The two of us strode down the hall to the front desk as quickly as we could without suspicion. There, we found the two women, one a nurse and one apparently a secretary…and the grey-suited man, who looked at us with a smug grin.
“The cousins Irenside, just whom we were discussing,” he said, the sleaze in his voice putrescent. “These two ladies were just sharing some interesting opinions on you two. Opinions I happen to agree with. Would you be so kind as to repeat to Miss Irenside here what you just told me?”
The secretary shifted uncomfortably and the nurse stood and started slinking out of the room before the man clamped a hand on her shoulder.
“We just thought…it was weird we’ve never seen your cousin in here before. We weren’t sure if your plan even covered relatives that distant…so we were…pulling up his record.”
“Apparently his record will have his photo on it. I am excited to see if it is a match.”
“This is a violation of Alphard’s medical rights!” Karu bellowed, slamming a hand down on the counter and making the two women jump.
“I am an insurance inspector and I have reasonable suspicion that insurance fraud is occurring before my very eyes. I think you will find the law provides allowances specifically for this case to allow me to do my job. Now, if you would be so kind as to pull up that record…or I can do it myself…”
The secretary shook her head, her little brown curls flailing. She looked like she was on the verge of tears and kept looking to the nurse and Karu for help.
“If you share my medical history with that man, I will sue this clinic into the dirt,” I said, trying to inject as much menace into my voice as possible.

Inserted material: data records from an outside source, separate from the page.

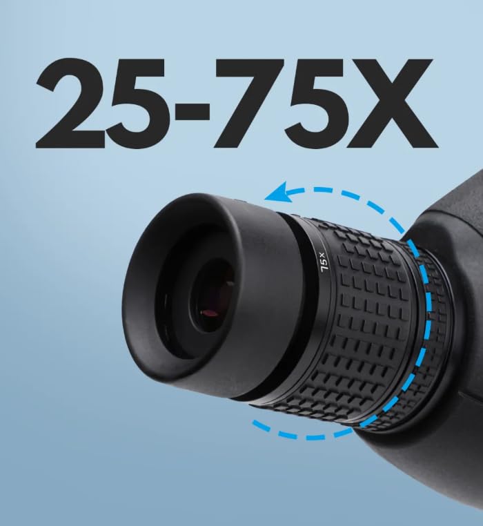 - 25–75X Stepless Zoom Easy zoom adjustment without lens changes – perfect for close and distant observations.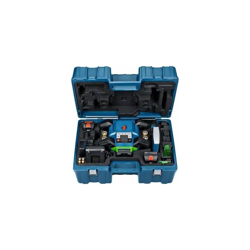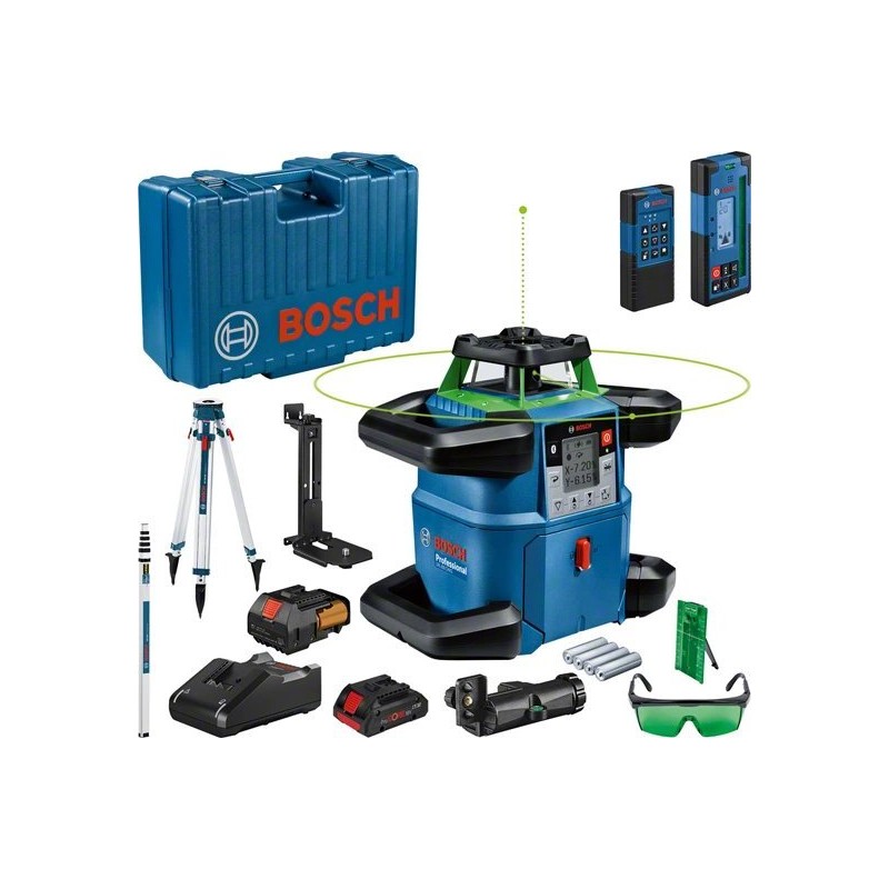 Bosch GRL 650 CHVG. Maksymalny zasięg: 70 m, Dokładność poziomowania (±): 1,5 mm/m, Zakres samopoziomowania (±): 360°. Model: Niwelator obrotowy, Kolor produktu: Czarny, Niebieski, Zielony, Gwint statywu: 5/8". Źródło zasilania: Bateria, Czas operacyjny: 60 h, Technologia baterii: Litowo-jonowa (Li-Ion). Szerokość produktu: 327 mm, Głębokość produktu: 188 mm, Wysokość produktu: 278 mm. Rodzaj opakowania: Pudełko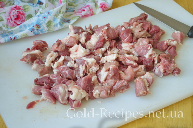 Далі займемося м’ясом. Для рецепта я використовувала м’якоть свинини з прошарком жиру, але ви можете брати будь-яке м’ясо, яке вам подобається. М’ясо нарізаємо не дуже великими шматочками, приблизно 1,5*1,5 см.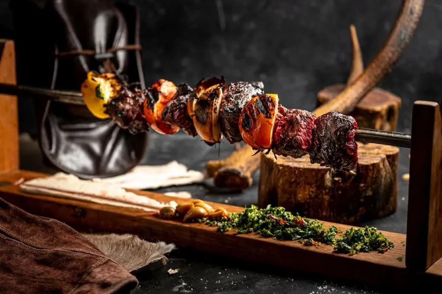 נתחי אסאדו מהמעשנה, מוגשים על גריל אישי בוער בעיטור צ'ימצ'ורי וקונפי שום. (מנה לסועד 40 שקלים); (מנה לזוג 80 שקלים מנה לרביעייה (140 שקלים)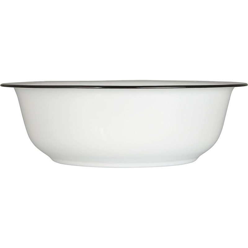 Product Number: IL00938 / 0464-11White large enamel washing up bowl with black rim by Ib Laursen. Beautiful piece that will add a farmhouse charm to your bathroom. Can be also used in the kitchen and garden.

“If you do not share his medical history, I will have you arrested for impeding an active investigation.” He reached into a pocket and slapped down a badge identifying him as an federal association agent. So much for being an insurance inspector. “Now, about that record?”
The secretary looked back at us, but we had no such shiny props to match the badge. Wordlessly she began to type, despite our continued protests, and Agent Pugface’s grin grew a thousandfold.

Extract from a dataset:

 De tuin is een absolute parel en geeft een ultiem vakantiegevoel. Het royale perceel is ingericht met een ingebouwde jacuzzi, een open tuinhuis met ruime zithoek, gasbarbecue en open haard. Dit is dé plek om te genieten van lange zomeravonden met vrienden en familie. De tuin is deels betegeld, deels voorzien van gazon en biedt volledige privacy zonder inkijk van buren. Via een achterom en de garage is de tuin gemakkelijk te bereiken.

And just as all hope seemed lost and Karu and I had a silent conversation with our eyes about dealing with him now and sorting out the body later, the very best and very worst possible thing happened.
The wailing of sirens filled the air, and the holo flashed a zone-wide alert, stopping the secretary in her tracks. She froze, her eyes wide, her face pale. For a few moments, none of us could act or think, until the nurse grabbed her friend and yelled for the rest of us to follow her. The inspector immediately jumped in line behind the two stumbling to flee the room, but stopped when Karu and I didn’t.
“Exhuman event,” he whispered, his eyes bulging.
“I am aware,” said Karu, already heading for the other door.
“Where are you going? The emergency shelter is out this way!”
“I need to pick up my equipment,” she said, her voice level as she disappeared into the admittance ward. “I’ve got an Exhuman to destroy.”